Нестеров | страница 39
Когда эта крестьянская девушка в темно-синем сарафане впервые глянула с картины Нестерова, наиболее чуткими людьми почувствовалось явление нового, еще небывалого «я есмь» и в образе и в художнике, его создавшем.
Как Тургенев, написав Асю, Лизу и других их сестер и подруг, создал свой женский образ, и достаточно сказать: «тургеневская девушка», чтобы младшая сестра пушкинской Татьяны предстала пред нами, так достаточно назвать «нестеровская девушка», чтобы появился пред нами живой облик девушки из народа, поэтический образ, неразрывный с безмолвной печалью. Эта девушка в сарафане, рожденная Нестеровым из его скорби по утерянной подруге, повела за собою на его картины целую вереницу девушек и женщин, исполненных внутренней красоты и чистоты, но всегда отмеченных «возвышенной стыдливостью страданья».
«Любовь к Маше и потеря ее, — писал Нестеров в своих записках, — сделали меня художником, вложили в мое художество недостающее содержание, и чувство, и живую душу — словом, все то, что позднее ценили и ценят люди в моем искусстве».
Обдумывая в более поздние годы свой творческий путь, Нестеров свидетельствовал о «Христовой невесте»:
«С этой картины произошел перелом во мне, появилось то, что позднее развилось в нечто цельное, определенное, давшее мне свое «лицо». Он утверждал: без этой картины и без всего, что пережито с нею, «не было бы того художника, имя которому «Нестеров», не написал бы этот Нестеров ни «Пустынника», ни «Отрока Варфоломея», не было бы в Русском музее «Великого пострига», «Димитрия Царевича», не существовало бы и большой картины («Душа народа». — С.Д.) и двух-трех моих портретов, кои автор считает лучшими характеристиками из всех им написанных». Иными словами, с «Христовой невестой» и со всем, что обусловило ее появление, Нестеров связывал весь без исключения свой художественный путь: «Все пережитое мною в моей молодости… утвердило мою художественную сущность».
За «Христовой невестой» последовала картина «За приворотным зельем». Замысел картины был прост: девушка пришла к колдуну за приворотным зельем.

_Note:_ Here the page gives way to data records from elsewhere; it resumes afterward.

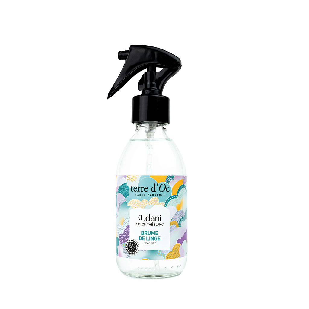 05 56 69 68 67-contact@fabriquedestyles.frBrume de linge parfumee coton the blanc- udani 200ml
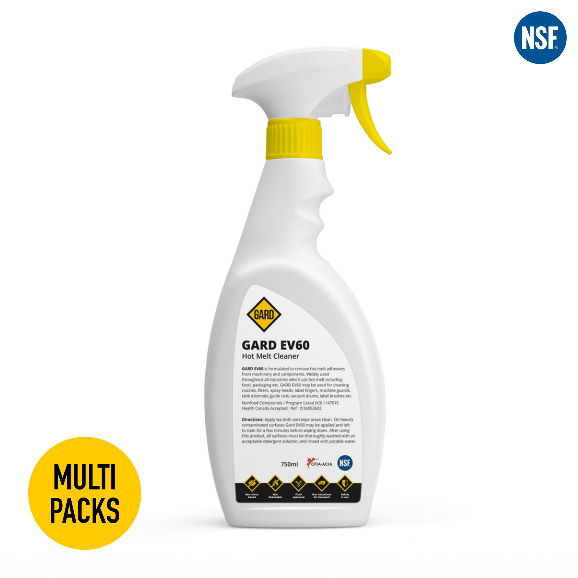 Gard EV60 can be used to clean down label stations, guide rails, applicator wheels, label carriages, label brushes, belts, tank externals and machine guards without causing any damage to plastic i.e. crazing/clouding.
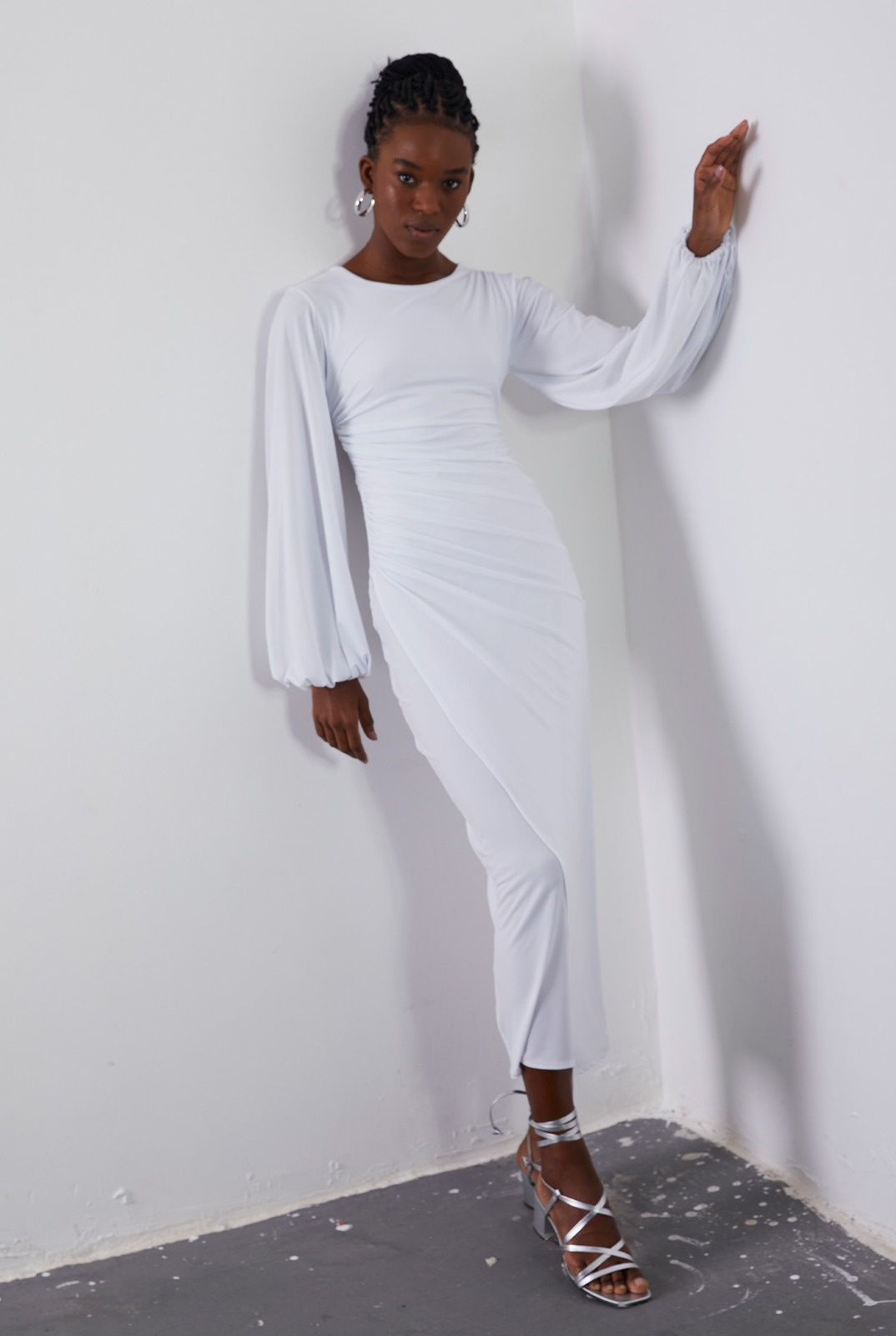 VESTIDO DRAPEADO MANGA BUFANTE DECOTE COSTAS LONGO BRANCO
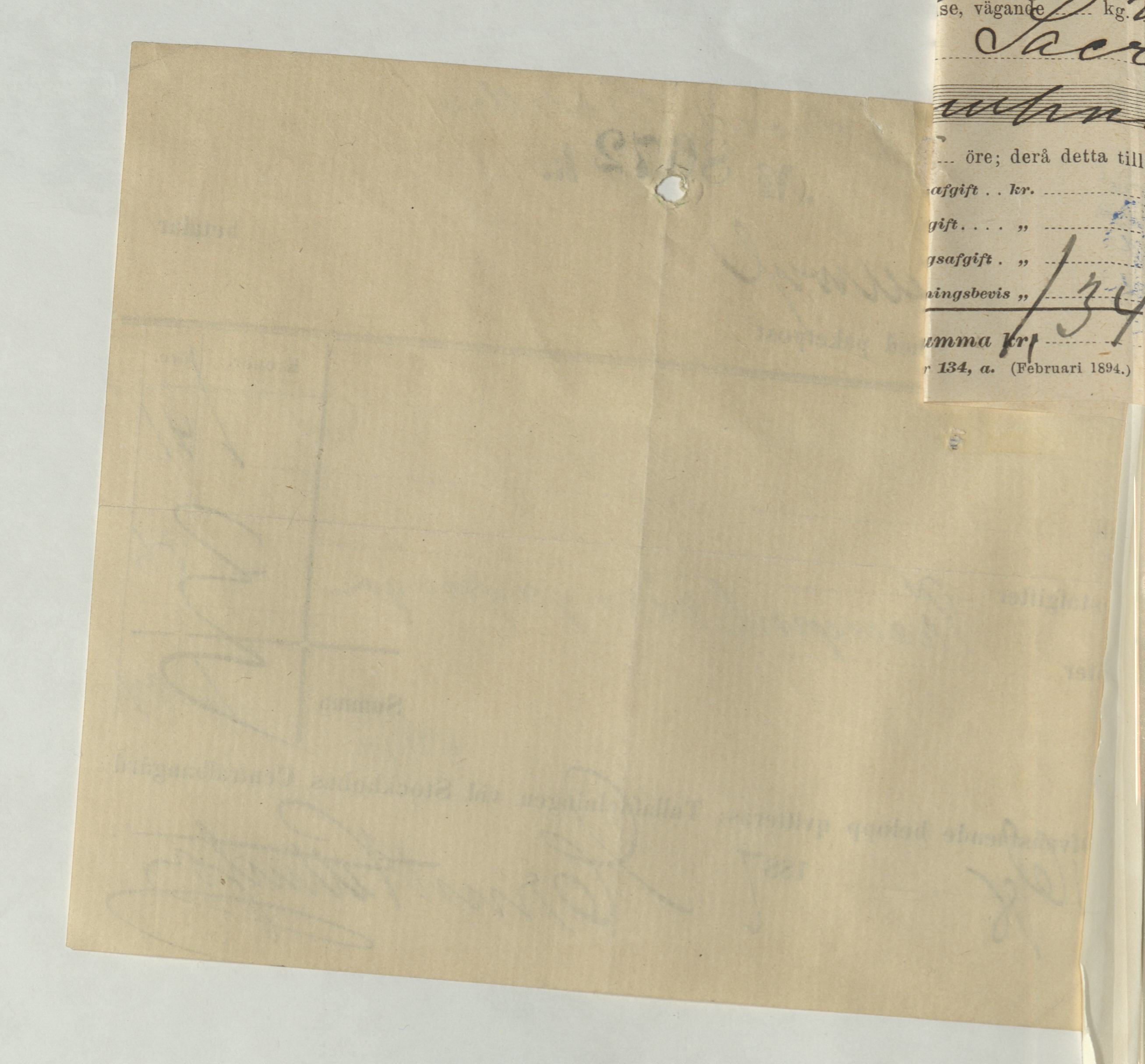 Kvitto för varor inkomna med postpaket till Léon Sacré, Manufactures de Dentelles, Bruxelles från Madame de la Hallwyl med en totalsumma på 1:94Kr. Stockholm 16 augusti 1887.

По первоначальному варианту она была в богатом наряде боярышни, а «колдун» был тонконогий старик немчин, царский «дохтур». Художник скоро отказался от этого варианта как слишком «литературного»: это напоминало сцену между Любашей и Бомелием из «Царской невесты» Мея. Сцена представилась ему гораздо проще и обыденнее: девушка в душегрейке поверх сарафана могла быть из XVII столетия, а могла быть и из заволжской или уральской глуши, а колдун превратился из «дохтура» в старика мельника. Но смысл был один и тот же: девушка со слезным смущением и «поедучей тоской» пришла к колдуну с призрачной надеждой — приворожить «зельем» любимого и не любящего или разлюбившего ее человека.